# New to Forum



## sasseycat (Dec 15, 2011)

Hi everyone. I am new to the forum and just want to say hello to the cat lovers here. I have a 13 year old Himalayan and a 9 year old Yorkie. Just recently a stray maybe feral cat started living in our barn. She was so scared and I felt so sorry for her that I immediately wanted to try and help her. I started feeding her a week before Thanksgiving, and finally won her trust, but I couldn't figure out how to get her to the vet to have her checked out and get her spayed. I got desperate today and put some tuna in a carrier and trapped her. I feel so bad that I betrayed her that way because she totally freaked out. She is being spayed tomorrow, but I am very worried that she won't forgive me. She is an adult and was very hard to win over. She actually got to the point where she was more interested in me petting and loving her than she was in the food.

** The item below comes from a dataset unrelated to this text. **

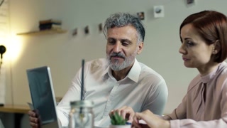 Colleagues talk about important project at table in office

I know every cat is different, but I am really worried about it. I want to give her a forever home in my house. Any thoughts encouragement would be so appreciated.


----------



## Syrena (Nov 29, 2011)

Hello and welcome! I think that time will show if she will trust you or not. Is she closed in the carrier all the time until she will get to the vet? that could be possible very frustrating for her... the worst is that you cannot explain to the animal that she needs to go to the vet for her good. 
Be kind, don't give up, be perssuative and I am sure she will trust you again! She may find friends in your recent cats too!
Keep us updated!


----------



## sasseycat (Dec 15, 2011)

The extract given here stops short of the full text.